Teachers are human. They have favorites. They have biases. They face immense pressure from paying parents to "adjust" scores. In a standardized board exam, the examiner doesn't know your name, your father’s bank balance, or how polite you were in class. The paper is the only thing that speaks.
By shifting to internal metrics, we are introducing a level of subjectivity that would be laughed out of any serious scientific community. We are asking $N$ different schools to apply $N$ different standards and then pretending the results are comparable. It’s a mathematical impossibility.
The Middle East Disadvantage
The cancellation in the Middle East region is particularly biting.

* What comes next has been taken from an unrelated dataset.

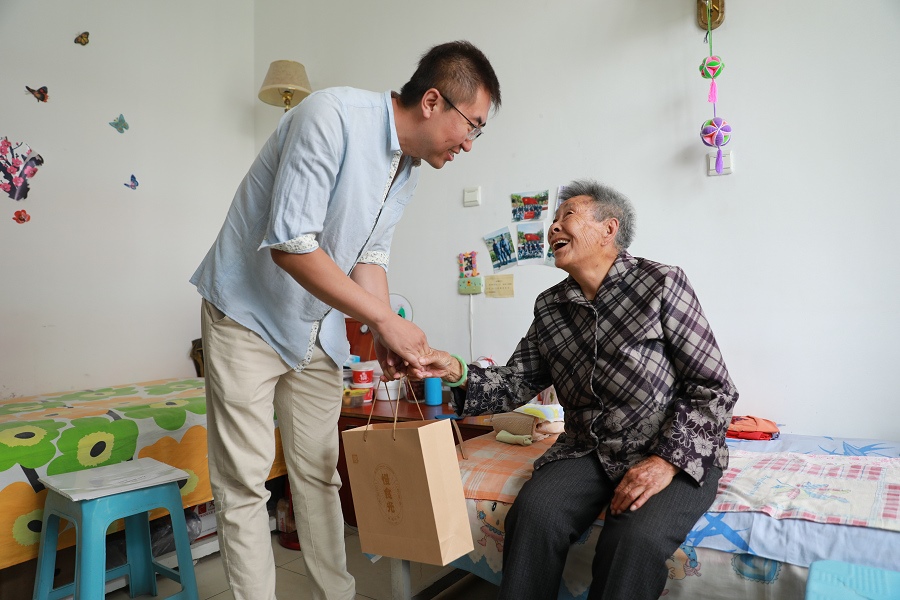 中午時(shí)分,捐贈(zèng)代表來(lái)到位于呼市金山開(kāi)發(fā)區(qū)的??道夏旯ⅰT诟?道夏旯⒗钣懒猎洪L(zhǎng)的帶領(lǐng)下,安德?tīng)柕茸哌M(jìn)公寓樓,將愛(ài)心月餅送到老人的手里。

Students in the UAE, Qatar, and Kuwait are often aiming for international universities. These institutions rely on CBSE scores as a benchmark for rigor. When that benchmark disappears, the "India-based" curriculum loses its edge against the IB or A-Levels.

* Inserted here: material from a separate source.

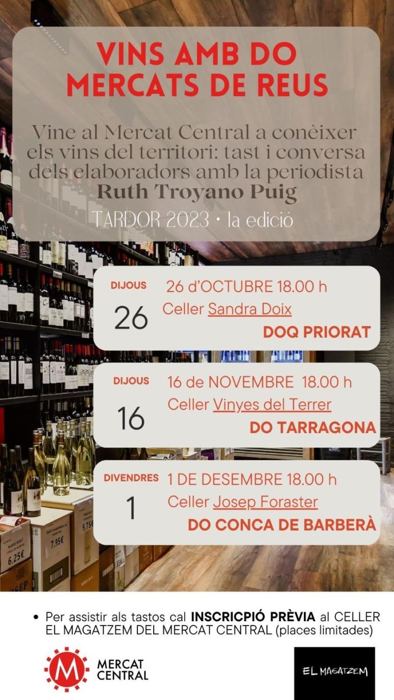 Així, la primera edició de «Vins amb DO Mercats de Reus» presenta aquests tres tastos repartits les pròximes setmanes:

I’ve seen students lose out on scholarships because their "calculated" scores carried a silent asterisk. Admissions officers hate uncertainty. If they see a batch of students with scores generated by a black-box algorithm rather than a proctored hall, they will hedge their bets. They will take the kid with the SAT or the AP score instead.
We aren't protecting these students; we are handicapping them. We are telling them that they are too fragile to handle the very pressure they will face the moment they step into a boardroom or a surgical theater.
The Mental Health Fallacy
The most dangerous argument for cancellation is the "well-being" angle.
Yes, exams are stressful. Life is stressful. Resilience isn't built in a vacuum; it’s built by facing high-stakes situations and navigating them. By removing the hurdle, we aren't curing anxiety—we are delaying its onset and ensuring that when it finally hits, the student has zero coping mechanisms.
Imagine a scenario where we apply this logic to other fields. Do we cancel the bar exam for lawyers because they are tired? Do we skip flight certifications for pilots because the training is intense? No. Because we recognize that the gatekeeping function is what ensures the quality of the profession.
Class 12 is the first real gate. Removing it doesn't make the path easier; it just makes the gate invisible. Students will still hit it, they just won't see it coming.
The Death of the Meritocratic Ladder
The board exam was the great equalizer. It didn't care if you lived in a penthouse in Dubai Marina or a small apartment in Deira. If you could solve the physics problem faster and more accurately than the next person, you won.
Without it, we are entering an era of "Social Capital Dominance."
If you don't have a standardized score, you need a spectacular CV. You need internships at your uncle’s firm. You need "extracurriculars" that cost thousands of dollars. You need the kind of fluff that only the wealthy can afford to manufacture. The board exam was the one place where the playing field was level. Now, the field is tilted so sharply that only those at the top can stay upright.
What Should Have Happened
Instead of a blanket cancellation, the board should have leaned into decentralized, proctored testing centers or computer-based adaptive testing. The technology exists. The infrastructure in the Middle East is more than capable.
The decision to cancel was the path of least resistance. It was an administrative surrender dressed up as empathy.
If you are a student or a parent affected by this, stop celebrating. Start looking for external certifications. Take the SATs. Take the ACTs. Get an AP credit. Do anything to get a standardized, third-party stamp of approval on your transcript.
The world is not going to be "holistic" when you apply for your first job. It is going to be brutal. It is going to ask for proof of performance. And "my school said I was pretty good" isn't going to cut it.
The CBSE has essentially issued a currency that isn't backed by gold. It’s paper. And in the global market, paper burns.
Stop asking for the easy way out. Demand the hard test. It’s the only way to prove you’re worth the seat.
Go find a real metric before the world finds one for you.